From 961644e6a866efc32325311fc393e5a167f53a13 Mon Sep 17 00:00:00 2001
From: Iacopo Poli <iacopo@lighton.ai>
Date: Wed, 5 Mar 2025 12:44:10 +0100
Subject: [PATCH] [Doc] Update nginx guide: remove privileged from vllm
 container run and add target GPU ID (#14217)

Signed-off-by: Iacopo Poli <iacopo@lighton.ai>
---
 docs/source/deployment/nginx.md | 6 +++---
 1 file changed, 3 insertions(+), 3 deletions(-)

diff --git a/docs/source/deployment/nginx.md b/docs/source/deployment/nginx.md
index 87feb488..62816f51 100644
--- a/docs/source/deployment/nginx.md
+++ b/docs/source/deployment/nginx.md
@@ -95,14 +95,14 @@ Notes:
 
 - If you have your HuggingFace models cached somewhere else, update `hf_cache_dir` below.
 - If you don't have an existing HuggingFace cache you will want to start `vllm0` and wait for the model to complete downloading and the server to be ready.

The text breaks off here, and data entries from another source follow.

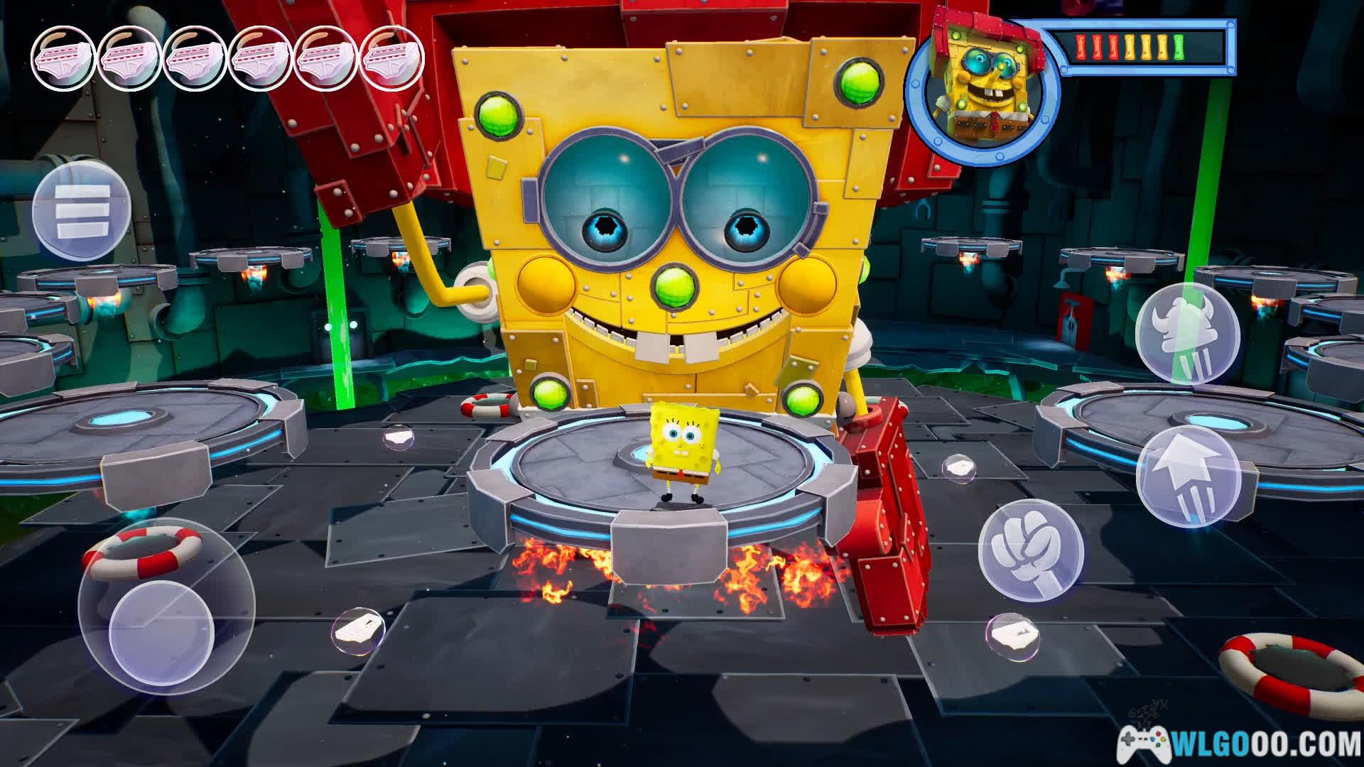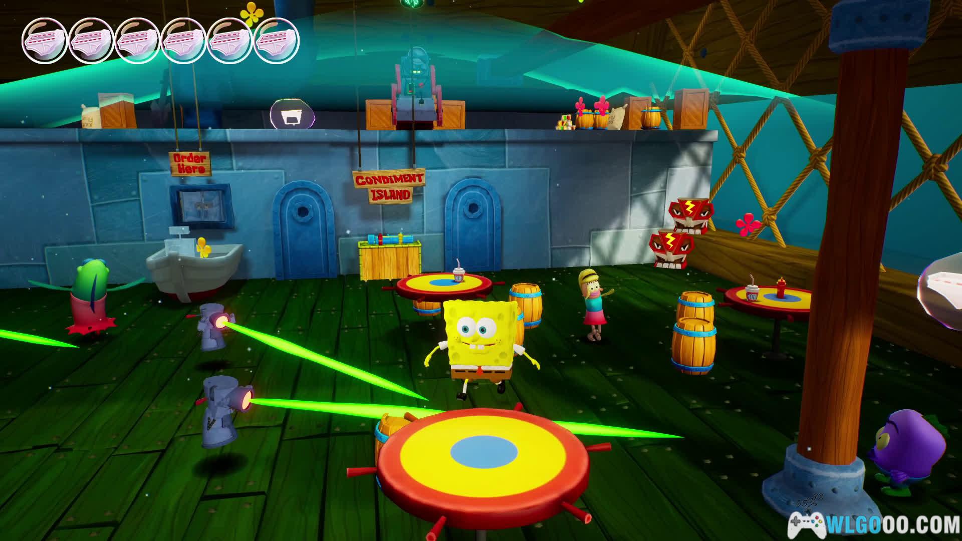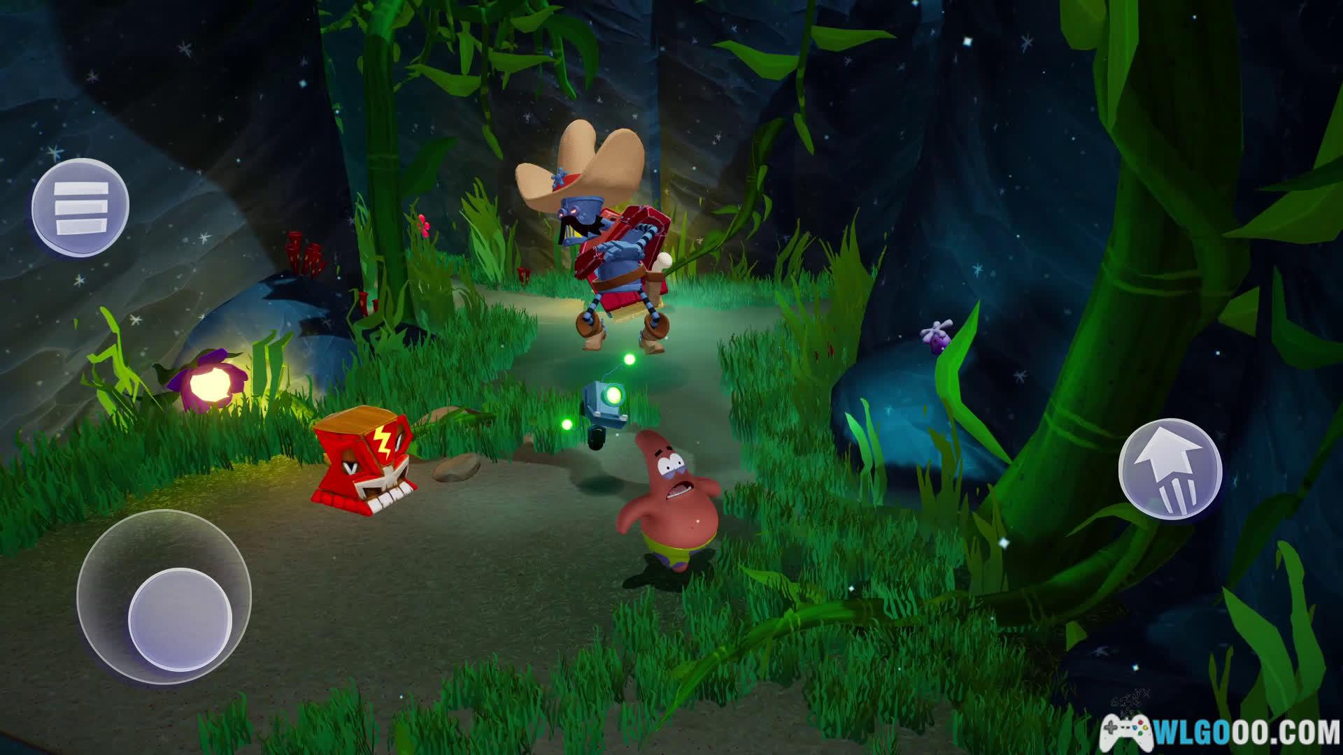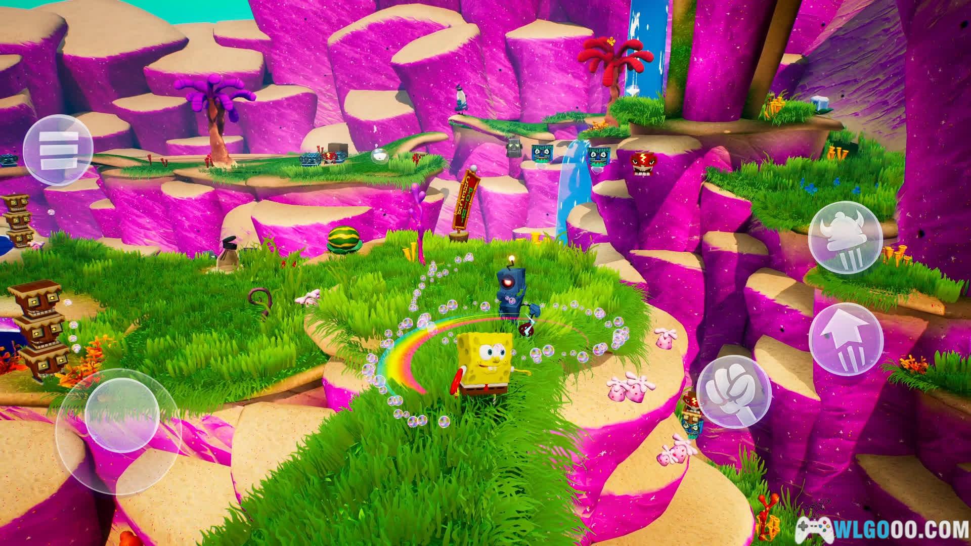 海绵宝宝可使用泡泡攻击、快速滚动和内裤蹦极;派大星能投掷重物(如西瓜)或利用体重压碎障碍;珊迪擅长空手道和绳索滑翔,可二段跳或空中荡绳。不同角色技能在解谜中至关重要,例如珊迪的绳索可跨越沟壑,派大星的投掷能激活机关。
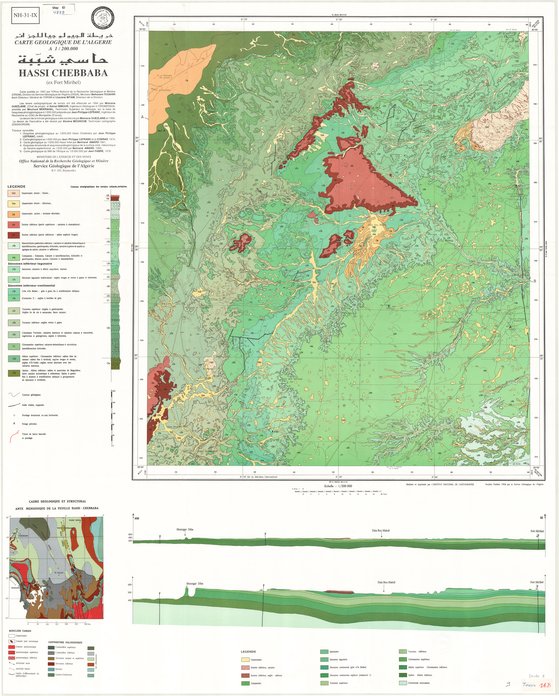 Title: Carte géologique de l'Algérie, Hassi Chebbaba (ex Fort Miribel) - Scale: 200000 - Sheet number/Numéro de feuille/Bladnummer: NH-31-IX
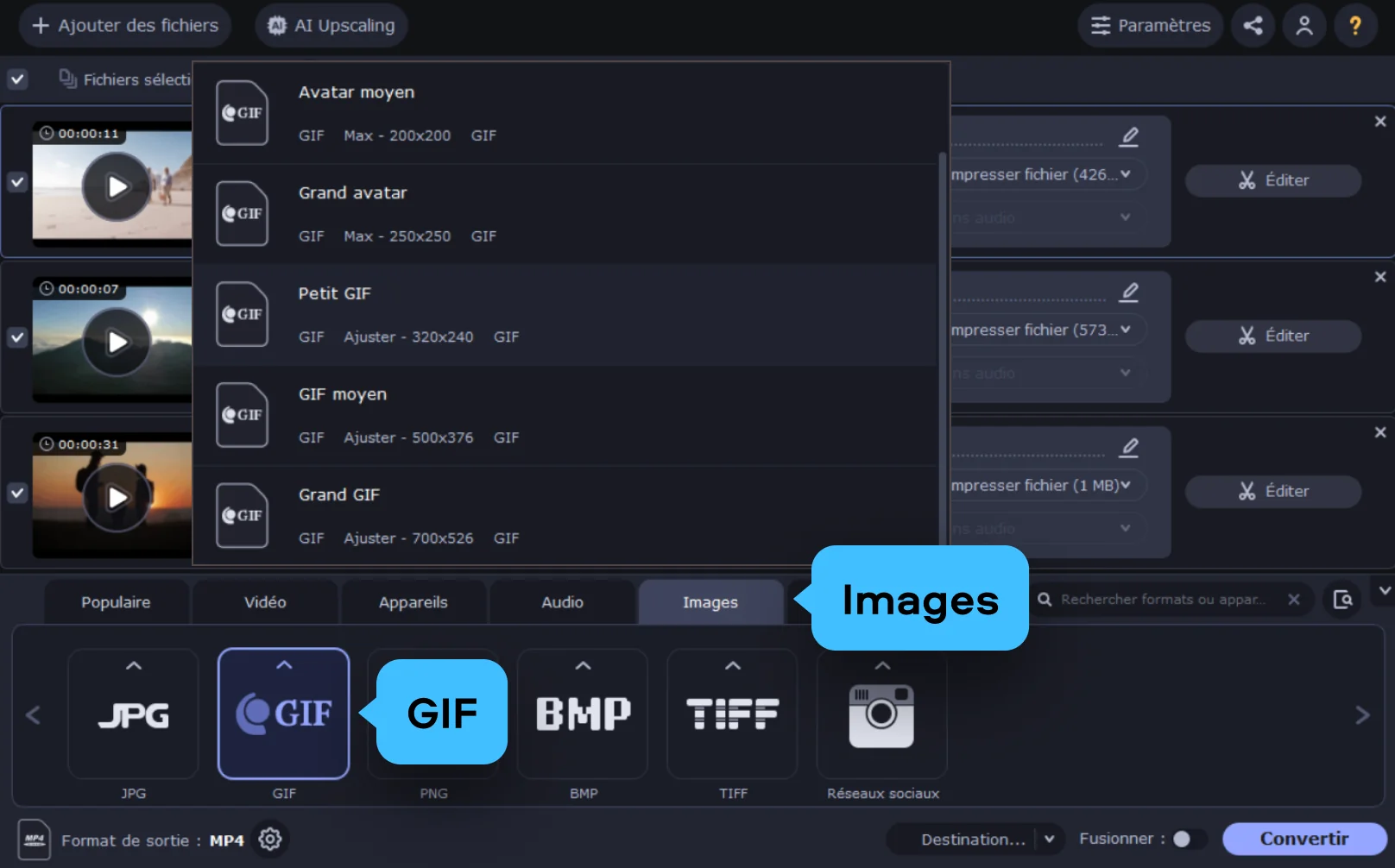 Pour réduire un GIF, cliquez Images dans le menu d’en bas, ouvrez GIF et sélectionnez une des résolutions proposées, moins volumineuses que celle de votre fichier initial.
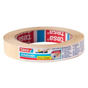 Tesa Taśma malarska Standard 50 m x 19 mm Taśma tesa® Standard to uniwersalna taśma malarska, o której powinien pomyśleć każdy majsterkowicz w przypadku malowania ściany lub remontu domu. Użyj tej wszechstronnej taśmy malarskiej do skutecznego zabezpieczenia powierzchni niemal w każdej sytuacji. Jest dostępna w trzech szerokościach dostosowanych do wielu różnych zastosowań. Taśma posiada warstwę kleju bezrozpuszczalnikowego, dzięki czemu dobrze przywiera do większości powierzchni. Jednocześnie można ją łatwo usunąć bez pozostawiania śladów.
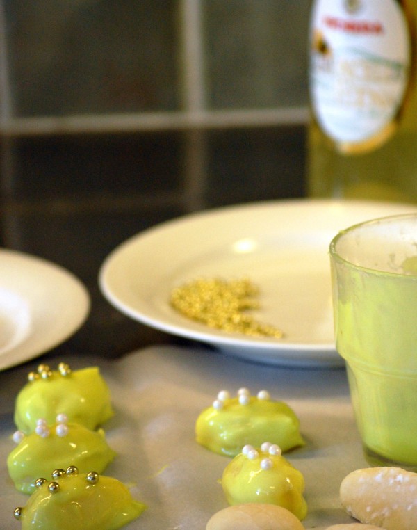 Dessa godisägg med vit choklad är försvinnande goda. Ja – de försvinner i ett nafs. Lagom krämig konsistens innanför ett hårt skal med innehåll av bland annat vit choklad och citruslikör. Roligt att få användning av flaskan med limoncello som jag köpt på Sicilien.
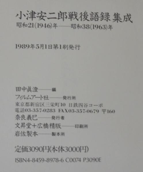小津安二郎戦後語録集成 : 昭和21(1946)年-昭和38(1963)年
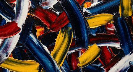 Bold swathes of oil paint in red, blue, yellow, and orange create a captivating visual on canvas, reflecting an artist's dynamic style and creative expression.
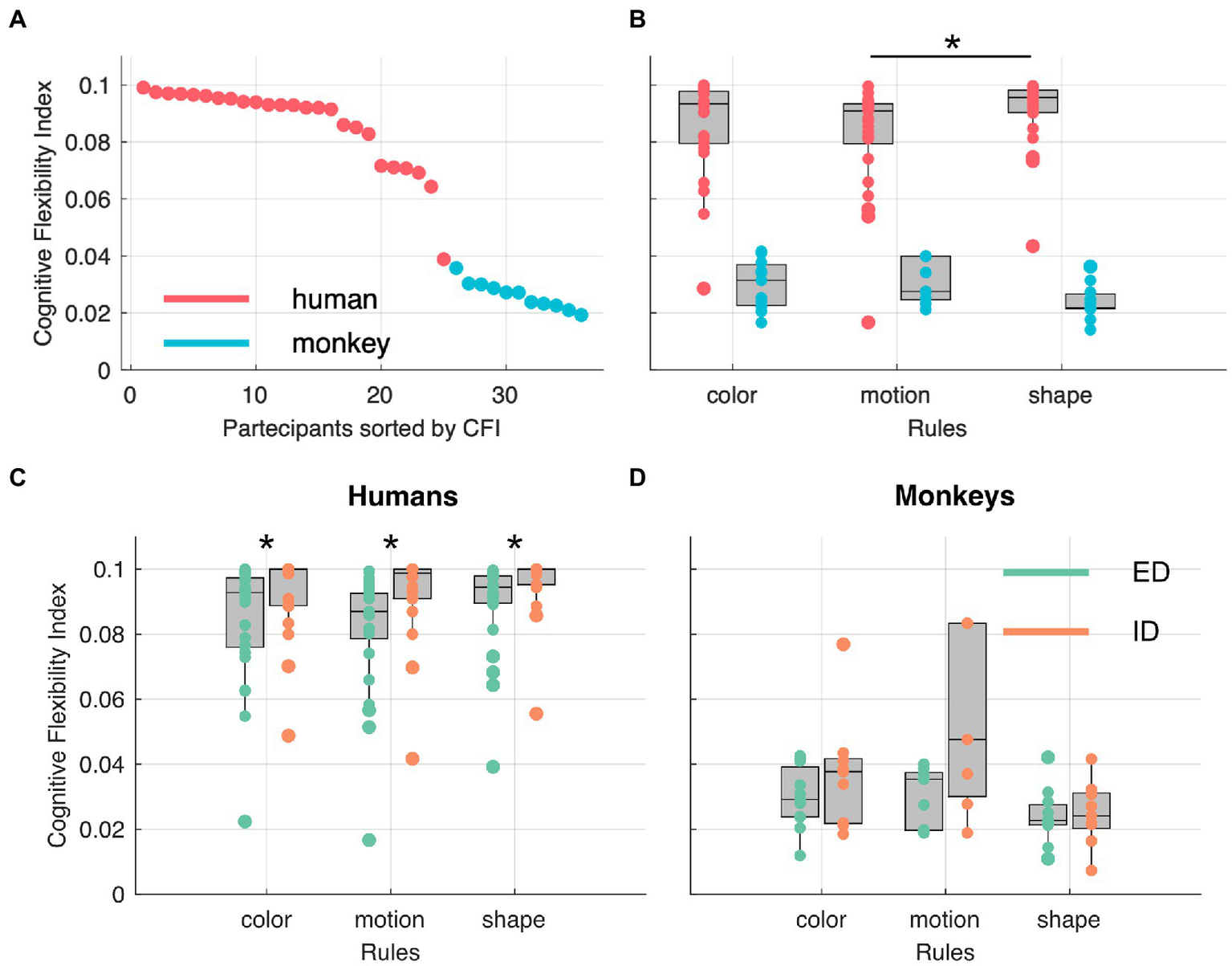 Figure 5. Participants sorted by cognitive flexibility index (CFI) across species (A) and rules (B). Star indicates statistical significance at a paired Wilcoxon rank sum test, with an alpha level of 0.0083 (corrected for multiple comparisons). (C,D) show CFI as function of rules in intra-dimensional (ID) and extra-dimensional (ED) shifts. Stars indicate statistical significance at a Wilcoxon rank sum, non-paired, two-sided test.
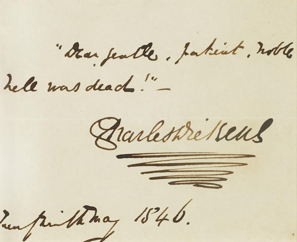 Autograph Quotation Signed ("Charles Dickens"), from The Old Curiosity Shop, 4 lines, oblong 12mo, n.p., May 29, 1846, horizontal fold. Matted and framed with portrait.
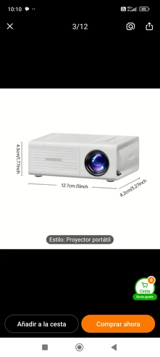 Proyector portátil en color blanco. Sus dimensiones son 12.7cm de largo, 8.2cm de ancho y 4.5cm de alto. - Estilo: Proyector portátil.
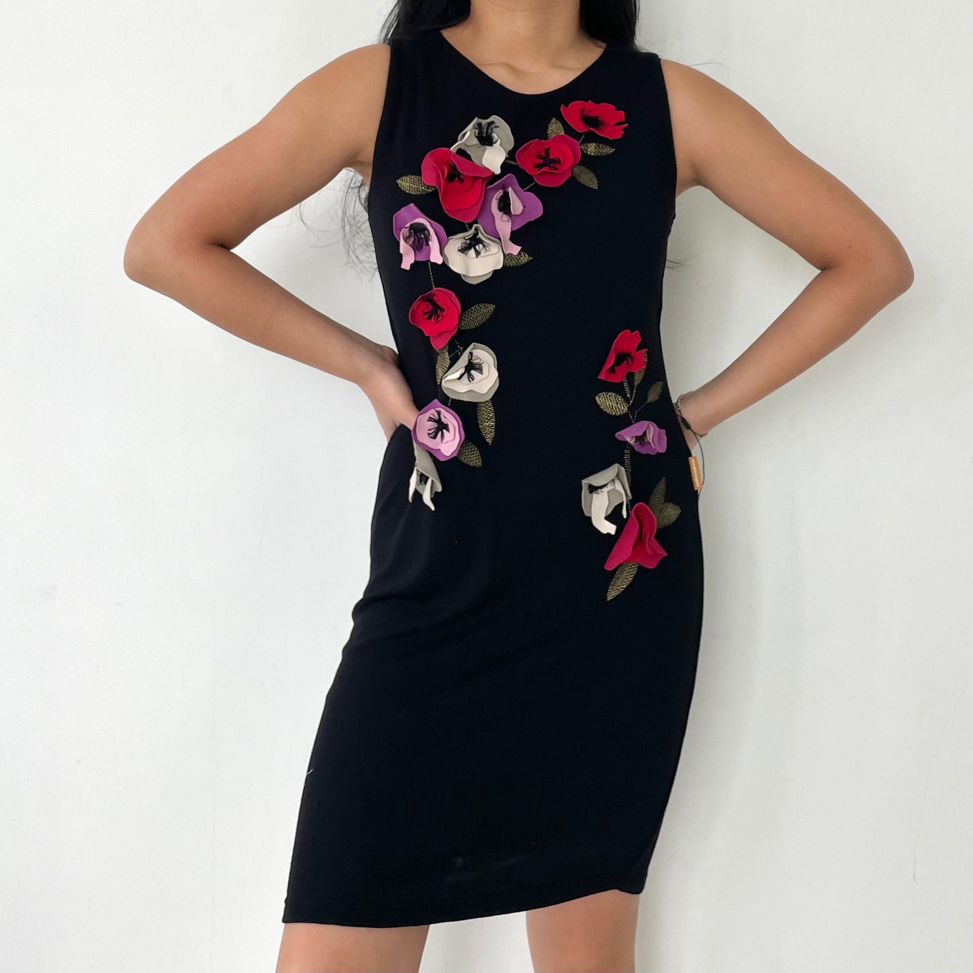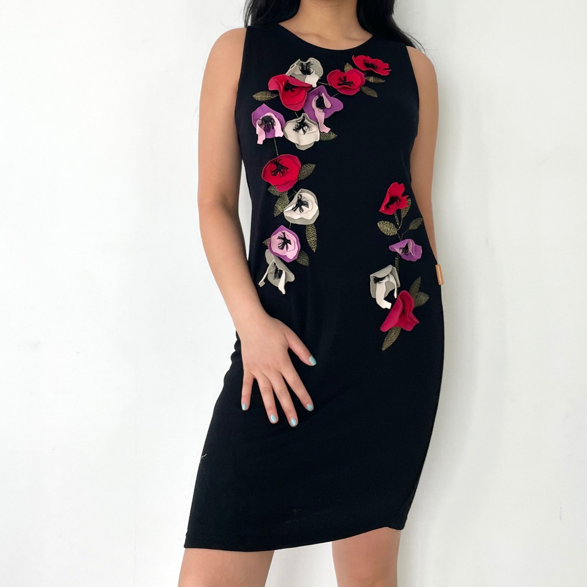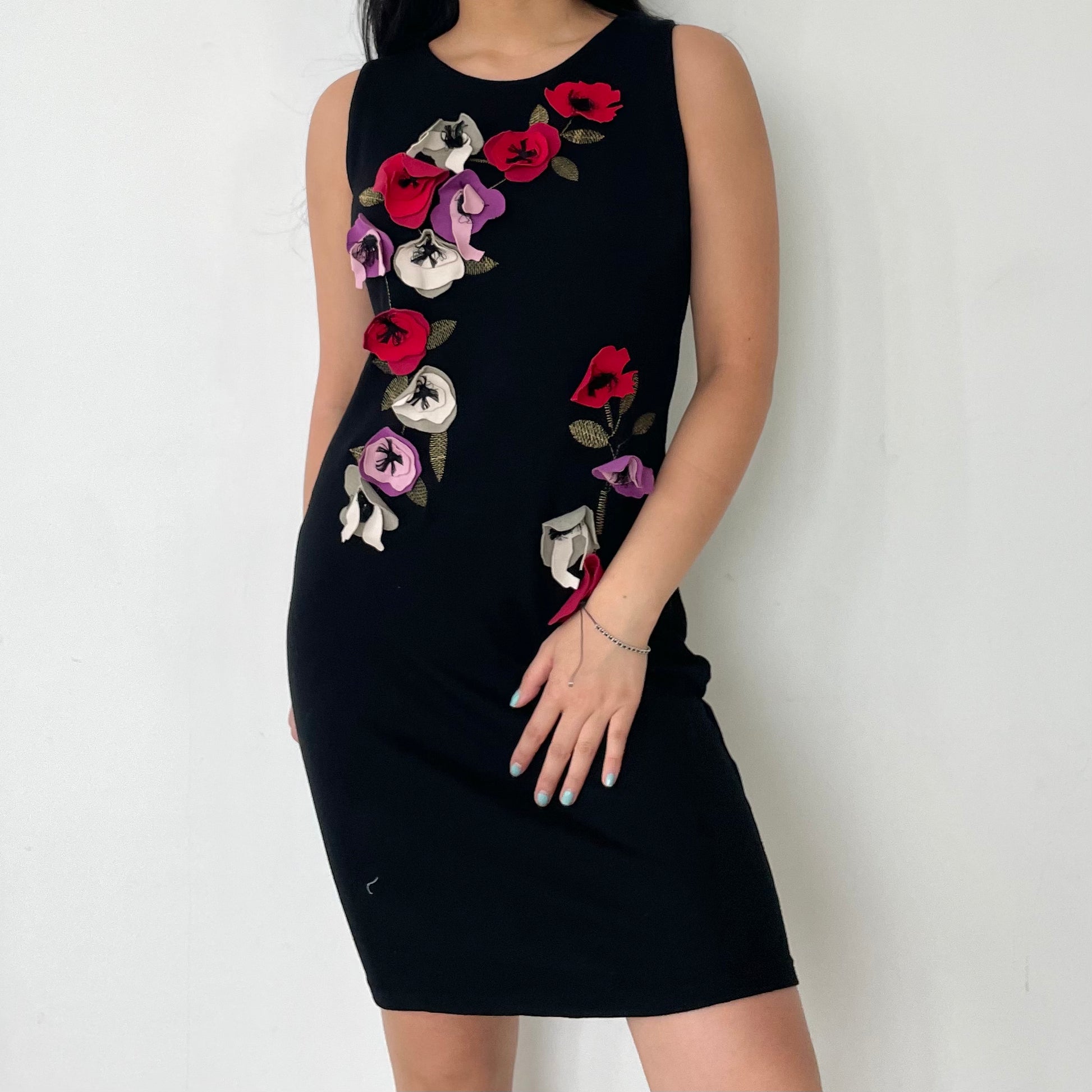 - Details: Black sleeveless dress; 3D floral fabric details; red, purple, and white poppies; bust is double lined
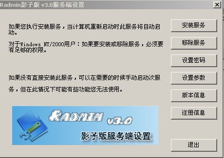 在Windows服務器中常用的遠程管理軟件有 1. windows 自帶的遠程終端管理軟件. 在您的服務器設置好遠程桌面后, 就可以用您自己的電腦連接服務器了. 2. Remote Admin(RA),Ra是一套非常強大的遠程管理軟件. 具有 很多功能(可以遠程控制. 遠程監(jiān)視桌面.文件上傳下載. 遠程關機,Telnet 命令行運行等.). 以下是簡單的安裝使用介紹. A. RA分兩部分. 服務器端(r_server)和 用戶端. 服務器端安裝后 先進行配置 主配置界面:

This will ensure that `vllm1` can leverage the model you just downloaded and it won't have to be downloaded again.
-- The below example assumes GPU backend used. If you are using CPU backend, remove `--gpus all`, add `VLLM_CPU_KVCACHE_SPACE` and `VLLM_CPU_OMP_THREADS_BIND` environment variables to the docker run command.
+- The below example assumes GPU backend used. If you are using CPU backend, remove `--gpus device=ID`, add `VLLM_CPU_KVCACHE_SPACE` and `VLLM_CPU_OMP_THREADS_BIND` environment variables to the docker run command.
 - Adjust the model name that you want to use in your vLLM servers if you don't want to use `Llama-2-7b-chat-hf`.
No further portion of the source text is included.